Pelajaran mengarang sudah dimulai.
Kalian punya waktu 60 menit”, ujar Ibu Guru
Tati.
Anak-anak kelas V menulis dengan kepala hampir
menyentuh meja. Ibu Guru Tati menawarkan tiga judul yang ditulisnya di papan
putih. Judul pertama “Keluarga Kami yang Berbahagia”. Judul kedua “Liburan ke
Rumah Nenek”. Judul ketiga “Ibu”.
Ibu Guru Tati memandang anak-anak manis yang
menulis dengan kening berkerut. Terdengar gesekan halus pada pena kertas.
Anak-anak itu sedang tenggelam ke dalam dunianya, pikir Ibu Guru Tati. Dari
balik kaca-matanya yang tebal, Ibu Guru Tati memandang 40 anak yang manis, yang
masa depannya masih panjang, yang belum tahu kelak akan mengalami nasib macam
apa.
Sepuluh menit segera berlalu. Tapi Sandra, 10
Tahun, belum menulis sepatah kata pun di kertasnya. Ia memandang keluar
jendela. Ada dahan bergetar ditiup angin kencang. Ingin rasanya ia lari keluar
dari kelas, meninggalkan kenyataan yang sedang bermain di kepalanya. Kenyataan
yang terpaksa diingatnya, karena Ibu Guru Tati menyuruhnya berpikir tentang
“Keluarga Kami yang Berbahagia”, “Liburan ke Rumah Nenek”, “Ibu”. Sandra memandang
Ibu Guru Tati dengan benci.
Setiap kali tiba saatnya pelajaran mengarang,
Sandra selalu merasa mendapat kesulitan besar, karena ia harus betul-betul
mengarang. Ia tidak bisa bercerita apa adanya seperti anak-anak yang lain.
Untuk judul apapaun yang ditawarkan Ibu Guru Tati, anak-anak sekelasnya tinggal
menuliskan kenyataan yang mereka alami. Tapi, Sandra tidak, Sandra harus
mengarang. Dan kini Sandra mendapat pilihan yang semuanya tidak menyenangkan.
Ketika berpikir tentang “Keluarga Kami yang
Berbahagia”, Sandra hanya mendapatkan gambaran sebuah rumah yang berantakan.
Botol-botol dan kaleng-kaleng minuman yang kosong berserakan di meja, di
lantai, bahkan sampai ke atas tempat tidur. Tumpahan bir berceceran diatas
kasur yang spreinya terseret entah ke mana. Bantal-bantal tak bersarung. Pintu
yang tak pernah tertutup dan sejumlah manusia yang terus menerus mendengkur,
bahkan ketika Sandra pulang dari sekolah.
“Lewat belakang, anak jadah, jangan ganggu tamu
Mama,” ujar sebuah suara dalam ingatannya, yang ingin selalu dilupakannya.

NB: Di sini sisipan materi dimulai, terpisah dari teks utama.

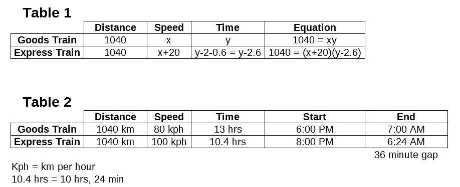 If the goods train travels 1040 km and does so at a speed of 80 km/hr, then it travels for 1040/80 = 13 hours. Add this onto 6:00 PM and we arrive at 7:00 AM. This is shown in the first row of table 2 (see below).

***Lima belas menit telah berlalu. Sandra tak
mengerti apa yang harus dibayangkanya tentang sebuah keluarga yang berbahagia.
“Mama, apakah Sandra punya Papa?”
“Tentu saja punya, Anak Setan! Tapi, tidak jelas
siapa! Dan kalau jelas siapa belum tentu ia mau jadi Papa kamu! Jelas?

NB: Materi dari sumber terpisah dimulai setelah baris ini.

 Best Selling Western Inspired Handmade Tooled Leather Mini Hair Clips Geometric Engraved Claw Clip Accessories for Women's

Belajarlah untuk hidup tanpa seorang Papa! Taik Kucing dengan Papa!”
Apakah Sandra harus berterus terang? Tidak, ia
harus mengarang. Namun ia tak punya gambaran tentang sesuatu yang pantas
ditulisnya.
Dua puluh menit berlalu. Ibu Guru Tati
mondar-mandir di depan kelas. Sandra mencoba berpikir tentang sesuatu yang
mirip dengan “Liburan ke Rumah Nenek” dan yang masuk kedalam benaknya adalah
gambar seorang wanita yang sedang berdandan dimuka cermin. Seorang wanita
dengan wajah penuh kerut yang merias dirinya dengan sapuan warna yang serba
tebal. Merah itu sangat tebal pada pipinya. Hitam itu sangat tebal pada
alisnya. Dan wangi itu sangat memabukkan Sandra.

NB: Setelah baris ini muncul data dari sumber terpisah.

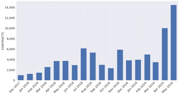 On a month-on-month basis, bitcoin Futures saw a massive bump in April trading at an average of 10,000 contracts daily, peaking on April 4, with over 22,000 contracts traded. To put that number in perspective, in March 2019, the average contracts traded was less than 4,000. Despite the high standards set in April, the average daily contracts traded in May, with 25 days gone has exceeded 14,000 and still looks to grow, given the price performance of bitcoin.

“Jangan Rewel Anak Setan! Nanti kamu kuajak ke
tempatku kerja, tapi awas, ya? Kamu tidak usah ceritakan apa yang kamu lihat
pada siapa-siapa, ngerti? Awas!”
Wanita itu sudah tua dan menyebalkan. Sandra tak
pernah tahu siapa dia. Ibunya memang memanggilnya Mami. Tapi semua orang
didengarnya memanggil dia Mami juga. Apakah anaknya begitu banyak? Ibunya
sering menitipkan Sandra pada Mami itu kalau keluar kota berhari-hari entah ke
mana.
Di tempat kerja wanita itu, meskipun gelap,
Sandra melihat banyak orang dewasa berpeluk-pelukan sampai lengket. Sandra juga
mendengar musik yang keras, tapi Mami itu melarangnya nonton.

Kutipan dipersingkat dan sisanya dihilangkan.